TASK GOAL:
At the line that holds "Pet memorial tribute", start repeating, and keep going exactly through the final line of the material; include both ends and skip the pictures.

GIVEN RECORDS:
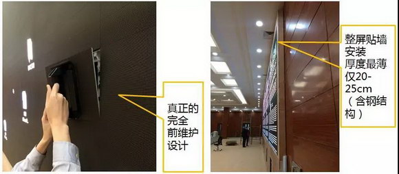 充分考慮到用戶室內使用時對維護空間需求,臺達小間距LED采用真正的前維護安裝設計,此項設計明顯有別于市場上的“模塊前維護設計”,不僅顯示模組可以進行屏前安裝、維護,甚至包括顯示箱體內部的控制系統、電源系統等所有零部件都完全實現了屏前維護。只需通過精準的磁吸式維護工具進行拆卸維護,操作簡單易控,無需預留維護空間。無需背部專門的維護通道,為用戶節約了大量空間,也從實際上體現了小間距LED產品超薄貼墻壁掛的設計意義。
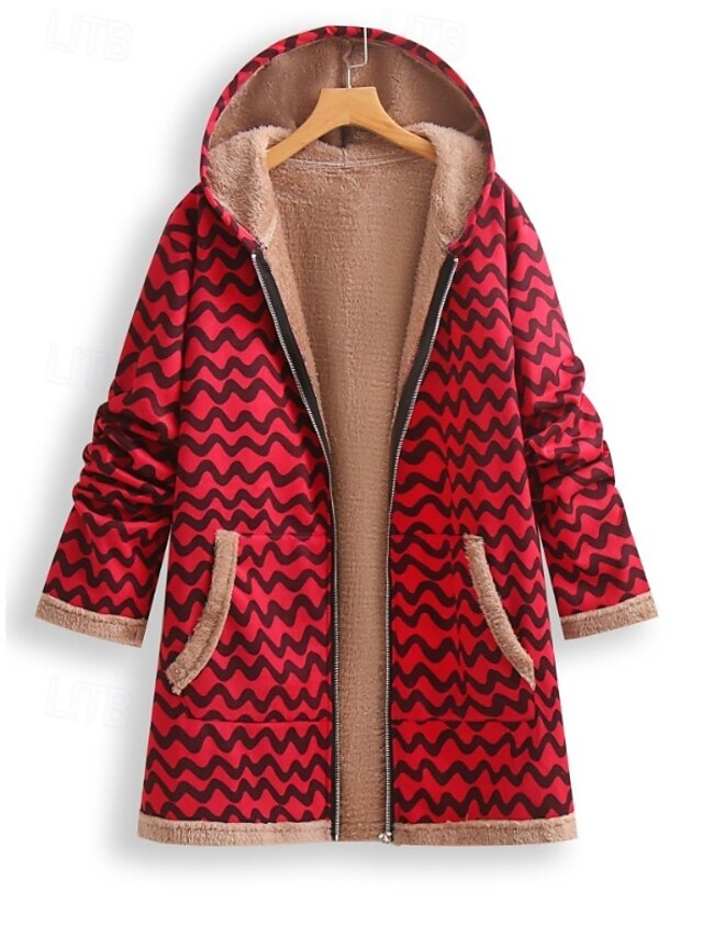 Highlights [Fabric] : Crafted from high-quality polyester, this women's long coat combines both warmth and breathability, making it perfect for cooler fall and winter days. [Fit] : The coat features a loose fit, allowing it to be easily layered over sweaters or other bulky clothing while maintaining a sophisticated and contemporary look. [Design Highlights] : Featuring a bold zigzag pattern with classic stripes and plaid details, this long-sleeve coat is designed with a functional front zipper closure and two large, cozy-lined pockets. The lapel neckline and hooded design add an element of fashion-forward flair, enhancing its casual street style appeal. [Occasions] : Ideal for daily wear, street outings, or office settings, this versatile piece ensures both comfort and elegance in any casual or work environment. [Size Range] : Available in sizes XL and 2XL, this coat provides a great fit for a range of body types, ensuring you find the perfect size for your winter wardrobe needs. Perfect for everyday use. premium materials and excellent craftsmanship ensure long-lasting durability.
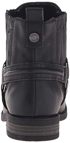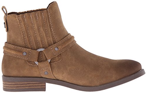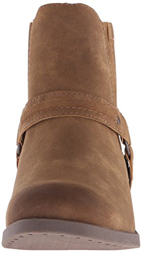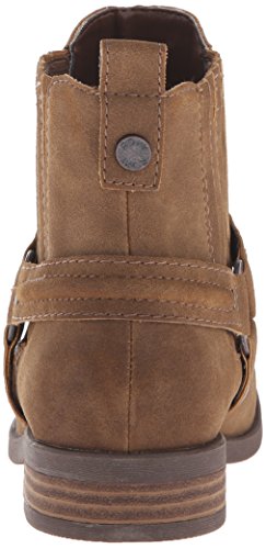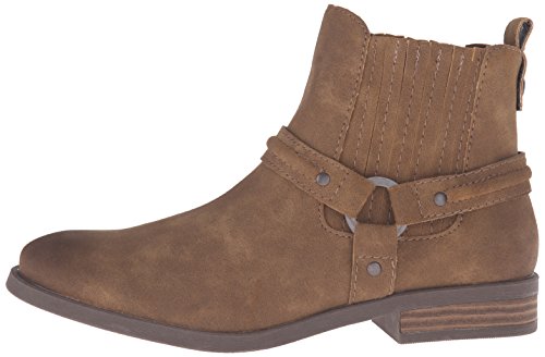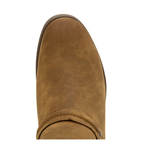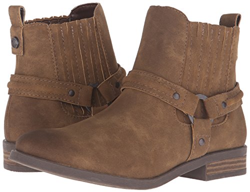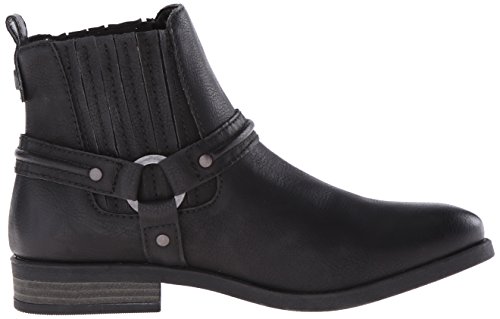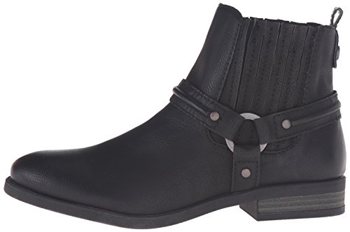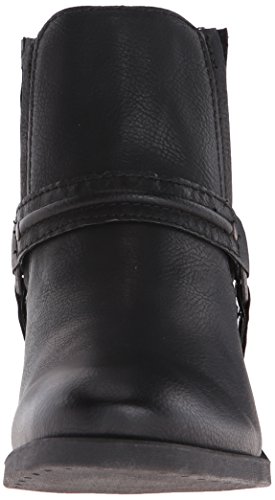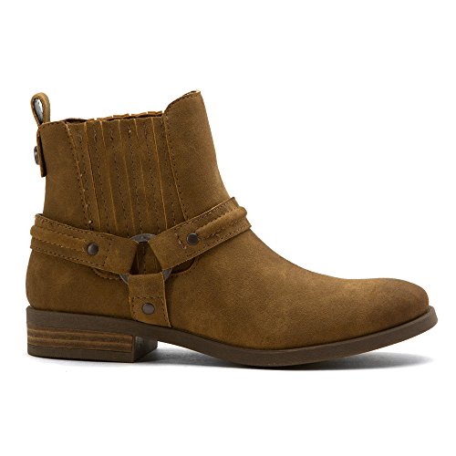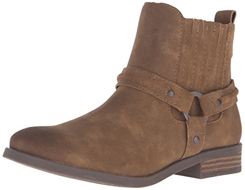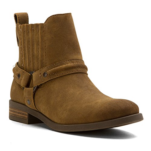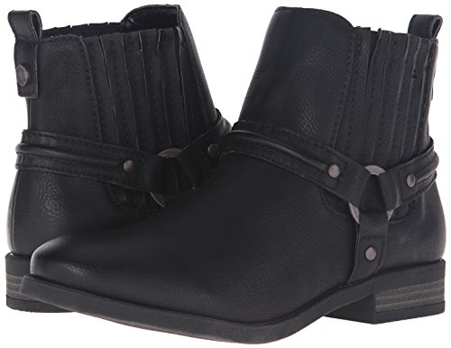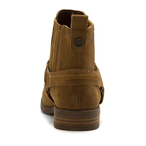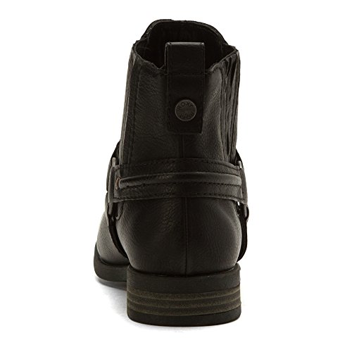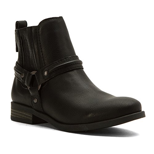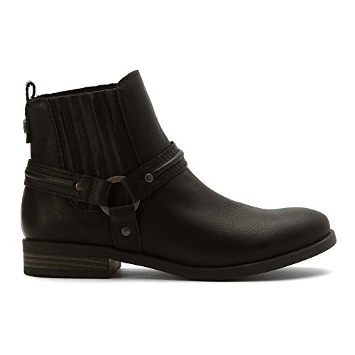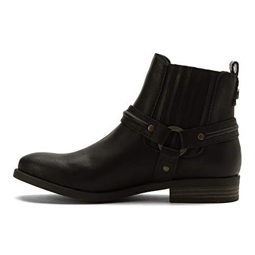 Product DescriptionMoto bootie with harness style strap and metal ring detail, synthetic covered elastic gore, canvas lined shaft and footbed, and flexible tpr injected outsole.0
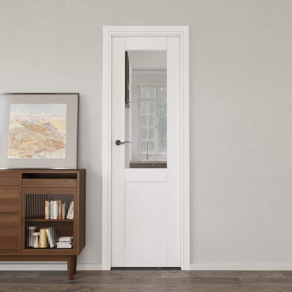 24 in. x 80 in. 1/2-Lite Clear Glass Right Handed White Solid Core MDF Prehung Door with Quick Assemble Jamb Kit
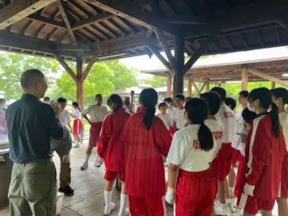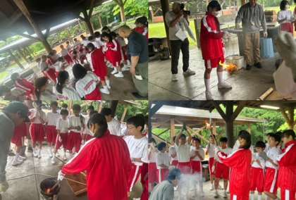 火おこし体験を通して力を合わせる大切さについて学んでいます。
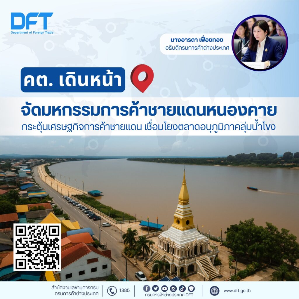 กรมการค้าต่างประเทศ ขอเชิญชวนผู้ประกอบการที่สนใจ สมัครเข้าร่วมกิจกรรมภายในงานมหกรรมการค้าชายแดน ณ จังหวัดหนองคาย ระหว่างวันที่ 3 – 8 กรกฎาคม 2568 เพื่อสัมผัสโอกาสทางการค้าและการลงทุนในพื้นที่ศักยภาพสูงแห่งลุ่มแม่น้ำโขง ทั้งนี้ ผู้ที่สนใจเข้าร่วมงานฯ สามารถติดตามรายละเอียดเพิ่มเติมได้ที่ www.dft.go.th , Facebook: กรมการค้าต่างประเทศ DFT และสายด่วน 1385 DFT Call Center
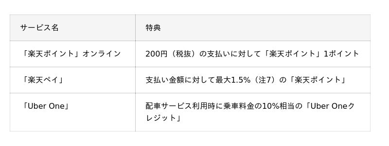 (注5)「Uber Eats」では商品代金、「Uber」では乗車料金が「楽天ポイント」進呈の対象となります。
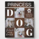 Pet memorial tribute picture plaque featuring 4 photos of you beloved doggy, a rustic wood pattern background, letters that spell out DOG, the words "forever in our hearts", a dogs paw with a remebrance saying, and their name.
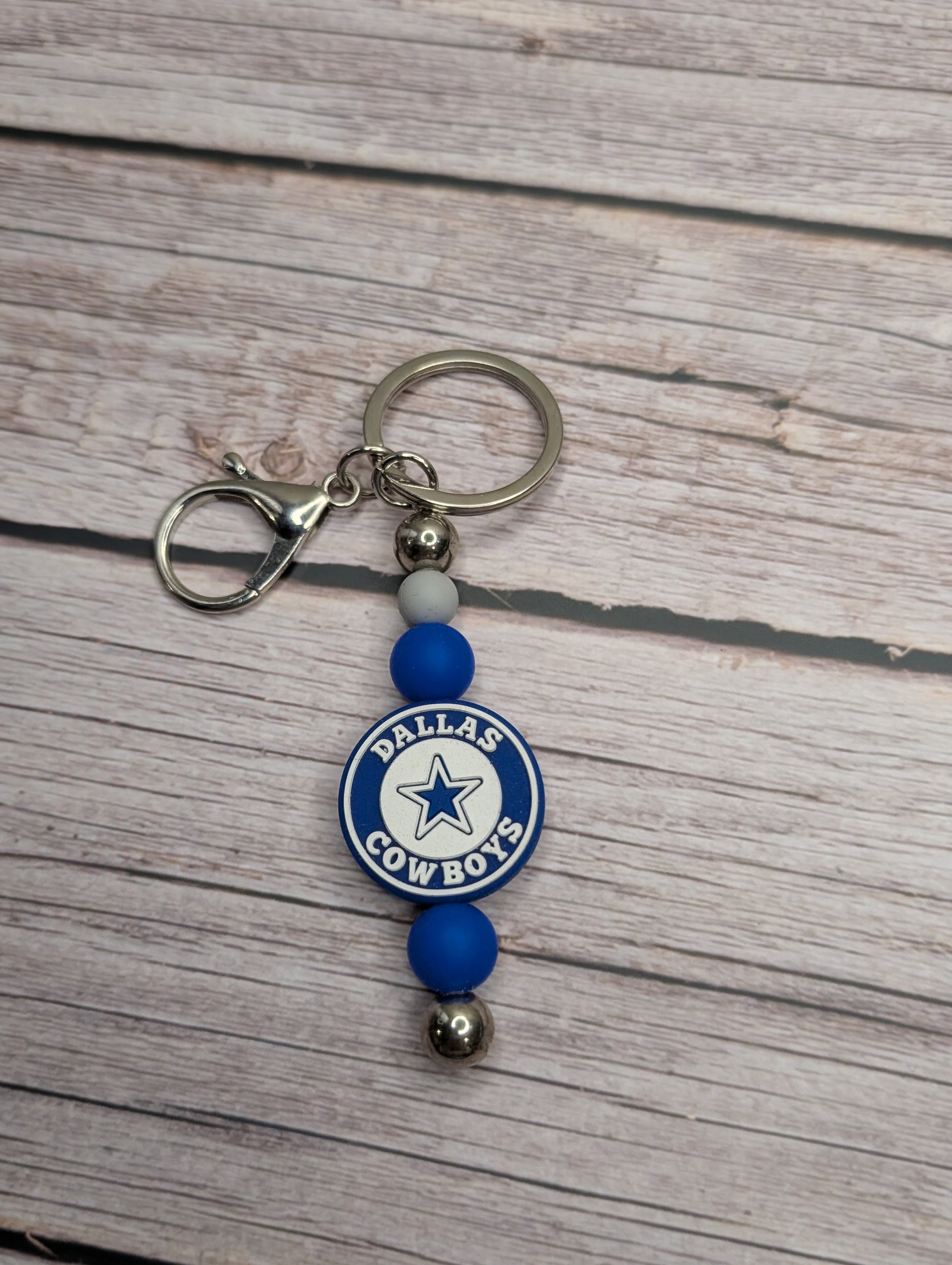 This key charm is made from food-grade silicone and features a Dallas Cowboys emblem.
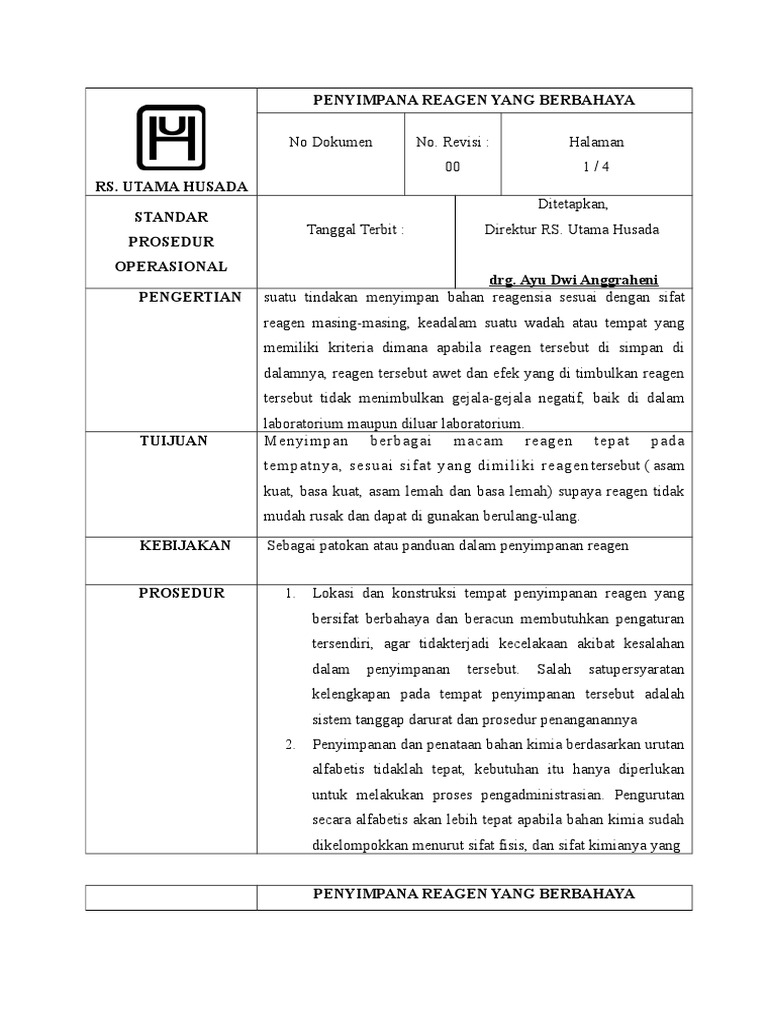 Sop Penyimpanan Reagen
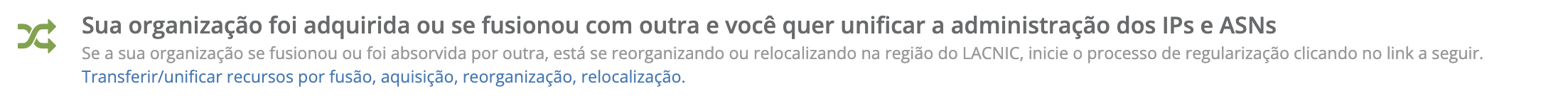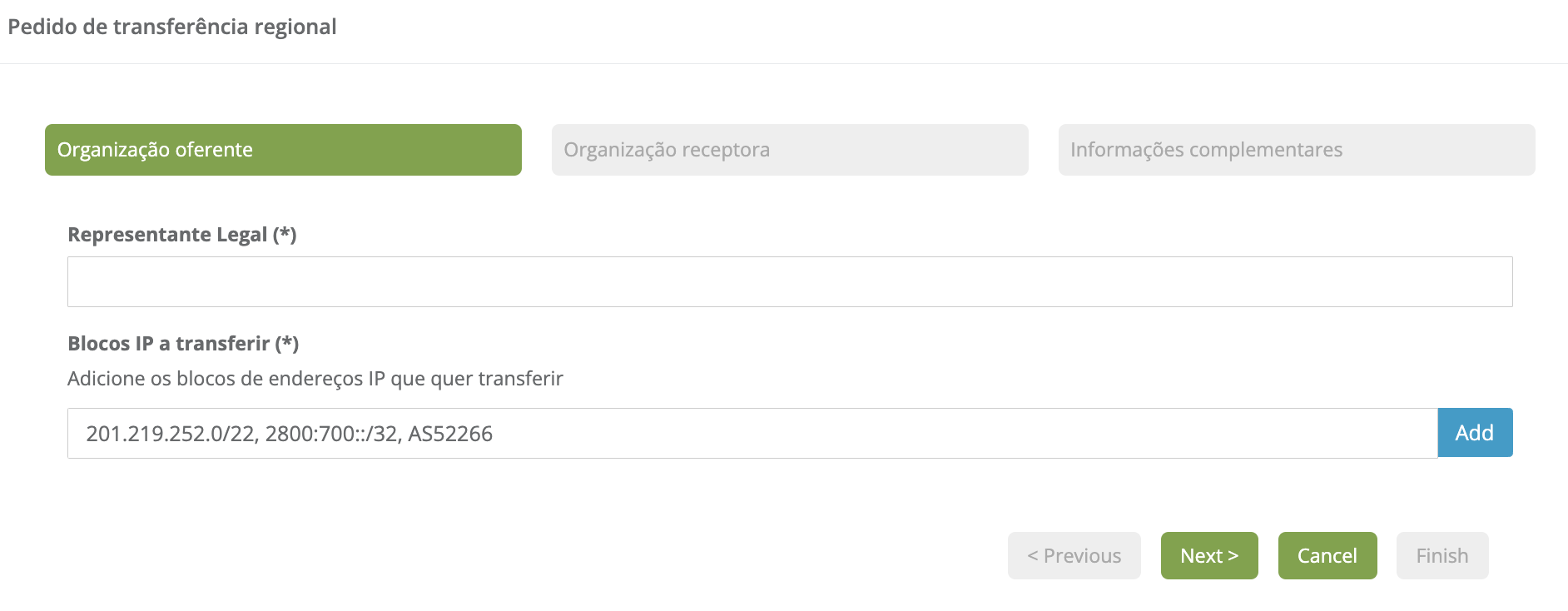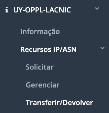 Do menu de contexto da organização, na opção [Recursos IP/ASN] / [Transferir/Devolver] você poderá acessar a seção: TRANSFERIR IPv4, IPv6 e/ou ASN - LISTAS DE TRANSFERÊNCIAS:

OUTPUT FOR THIS TASK:
 Pet memorial tribute picture plaque featuring 4 photos of you beloved doggy, a rustic wood pattern background, letters that spell out DOG, the words "forever in our hearts", a dogs paw with a remebrance saying, and their name.
 This key charm is made from food-grade silicone and features a Dallas Cowboys emblem.
 Sop Penyimpanan Reagen
 Do menu de contexto da organização, na opção [Recursos IP/ASN] / [Transferir/Devolver] você poderá acessar a seção: TRANSFERIR IPv4, IPv6 e/ou ASN - LISTAS DE TRANSFERÊNCIAS:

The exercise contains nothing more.